PROBLEM DETAILS
Every entry is to be returned exactly as it stands; the pictures are to be dropped.

INFORMATION SUPPLIED Start Marker

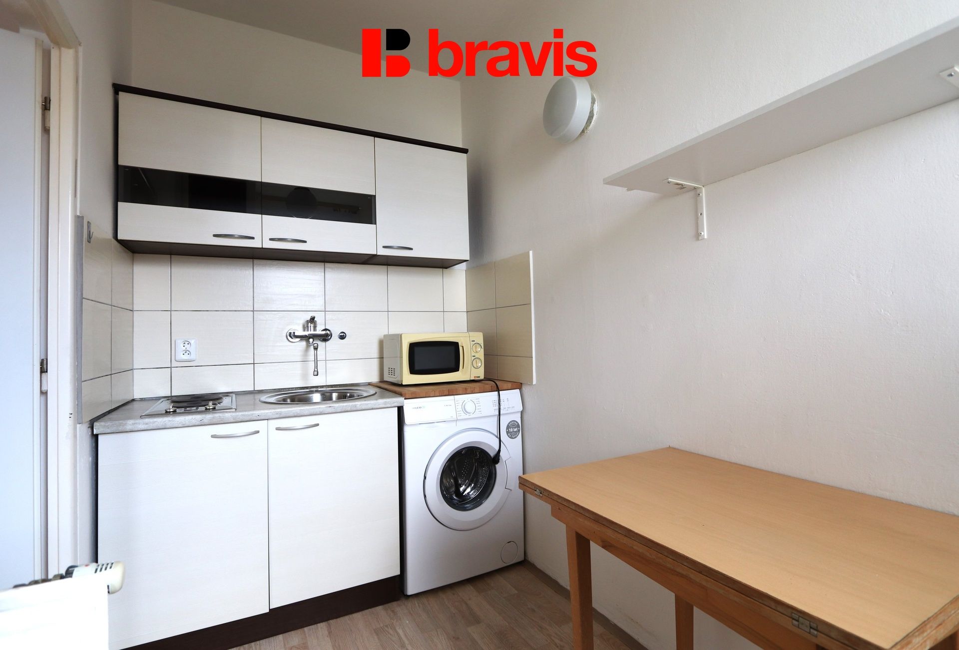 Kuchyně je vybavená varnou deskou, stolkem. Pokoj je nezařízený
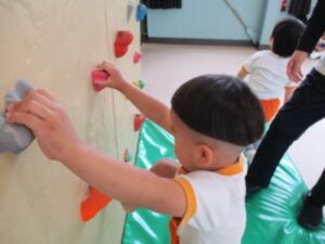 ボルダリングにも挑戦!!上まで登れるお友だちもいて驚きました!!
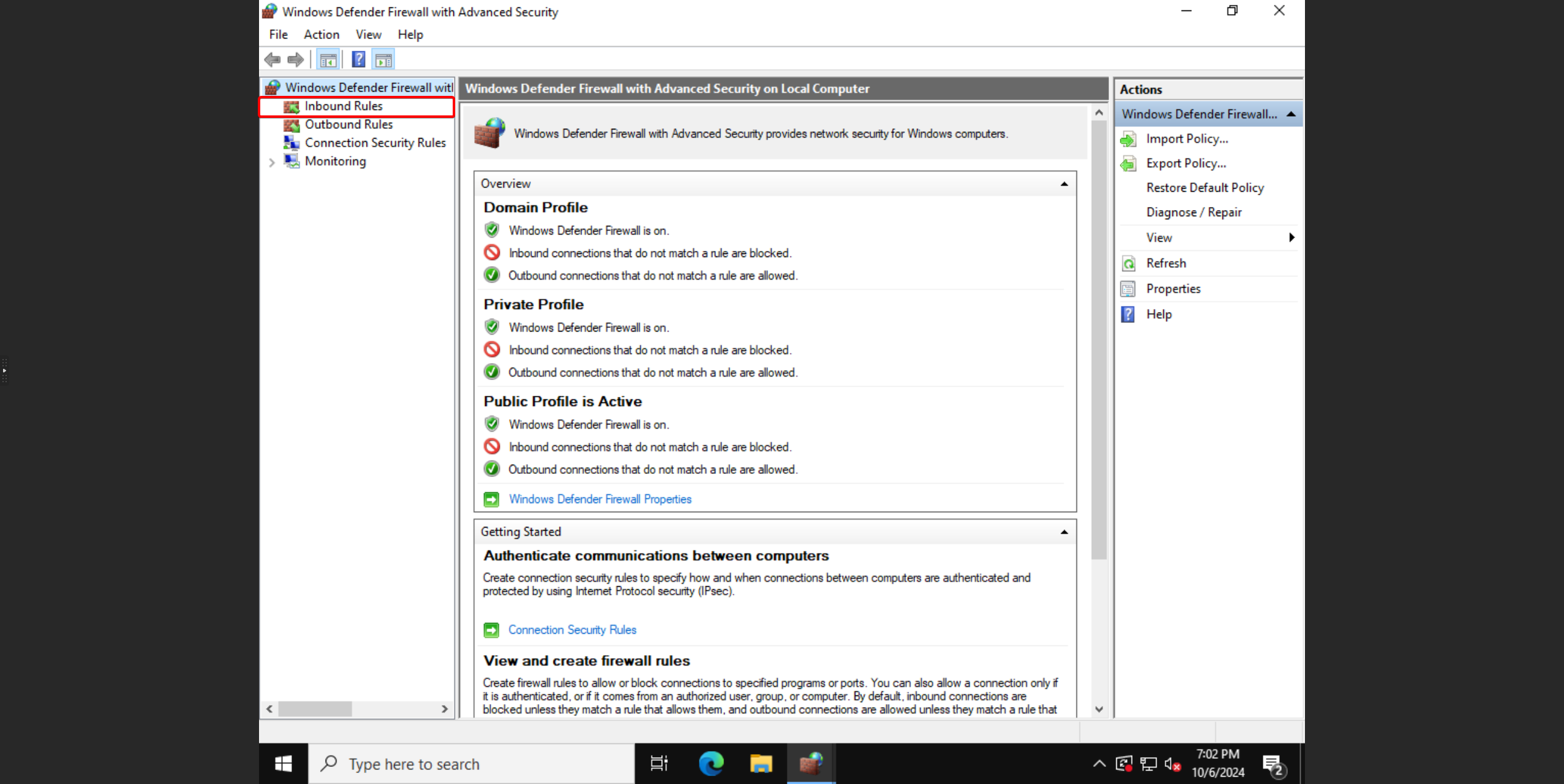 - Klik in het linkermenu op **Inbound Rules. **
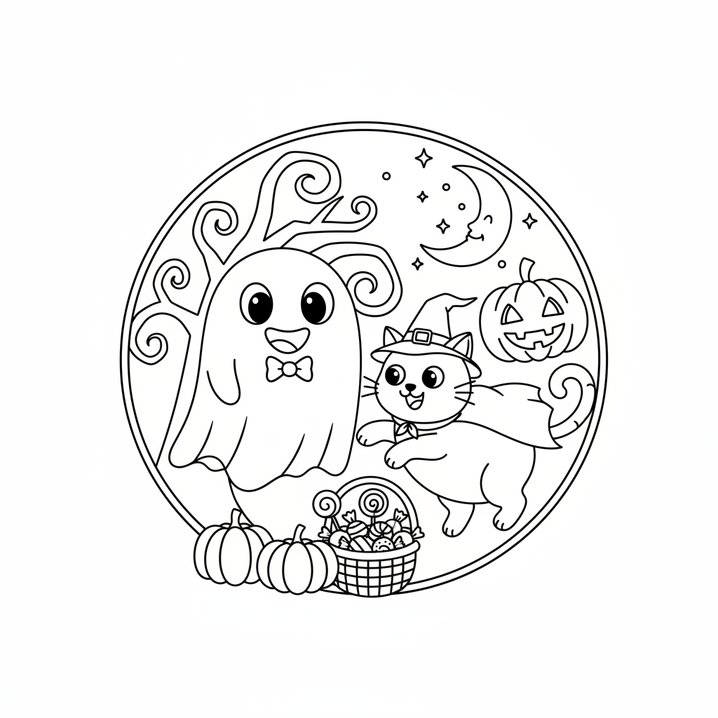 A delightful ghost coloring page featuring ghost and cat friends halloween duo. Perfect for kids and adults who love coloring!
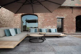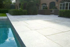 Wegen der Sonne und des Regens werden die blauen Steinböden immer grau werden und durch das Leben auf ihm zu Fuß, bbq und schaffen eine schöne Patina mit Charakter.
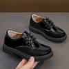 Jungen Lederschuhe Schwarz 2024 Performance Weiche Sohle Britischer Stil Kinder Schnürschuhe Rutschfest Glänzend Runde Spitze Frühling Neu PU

INFORMATION SUPPLIED End Marker

WRITTEN RESPONSE
 Kuchyně je vybavená varnou deskou, stolkem. Pokoj je nezařízený
 ボルダリングにも挑戦!!上まで登れるお友だちもいて驚きました!!
 - Klik in het linkermenu op **Inbound Rules. **
 A delightful ghost coloring page featuring ghost and cat friends halloween duo. Perfect for kids and adults who love coloring!
 Wegen der Sonne und des Regens werden die blauen Steinböden immer grau werden und durch das Leben auf ihm zu Fuß, bbq und schaffen eine schöne Patina mit Charakter.
 Jungen Lederschuhe Schwarz 2024 Performance Weiche Sohle Britischer Stil Kinder Schnürschuhe Rutschfest Glänzend Runde Spitze Frühling Neu PU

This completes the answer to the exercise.